For the first time in years, I joined an exercise class. Not just any class, a chair exercise class. The kind for people who have great-grandchildren.
I took four steps inside, and froze. A roomful of gray heads spun to face me. Seven people who could've been from ads in AARP magazine eyed me with suspicion. Their facial expressions sneered, "infiltrator!" The silver-haired instructor asked incredulously, "Are you here to participate in this class?" As if she assumed I'd wandered in from the HOT YOGA FOR BAD ASSES class going on upstairs.

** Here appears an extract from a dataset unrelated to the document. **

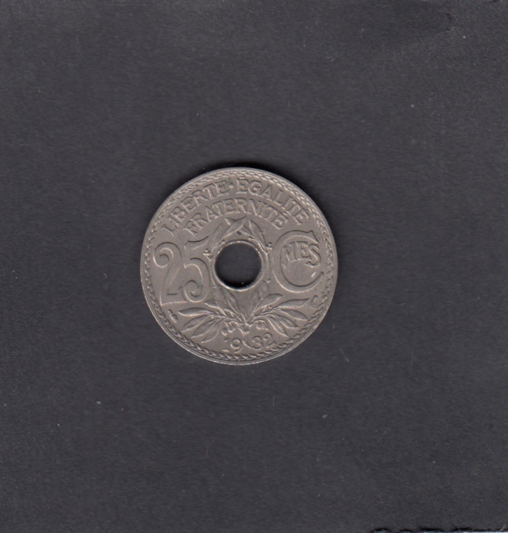 - XF, , 1932 25 Centimes HOLE - 25 Centimes HOLE, EUR

Yes, it felt humiliating. I had no other choice, unless I wanted to stay home and let my muscles atrophy even more. I fought Lyme disease for years, and I wish I could say I didn't take it lying down. But that's exactly what Lyme patents do. Because I'd been in the wrong place at the wrong time, and a hungry tick mistook me for a Happy Meal. Three years of antibiotics, (some of that time on IV) and even when it was finally over I faced serious complications.
Don't get me wrong, I'm grateful just to be able to walk. And it's not as if I'm in a wheelchair. I lead a relatively normal life now. But to be honest, halfway through the class my arms screamed and my shoulders wept. But worse than that, my EGO whimpered! I struggled to keep up with the 85-year-old guy across from me. I could probably hold my own if we arm wrestled, but he outlasted me. He did more reps than me with 2.5 pound weights.
(That's right. Two-and-a-half!)
So I have a ways to go. And I left there humbled, which isn't necessarily a bad thing. Just goes to show you that the old adage is true. You really can't judge a book by its cover.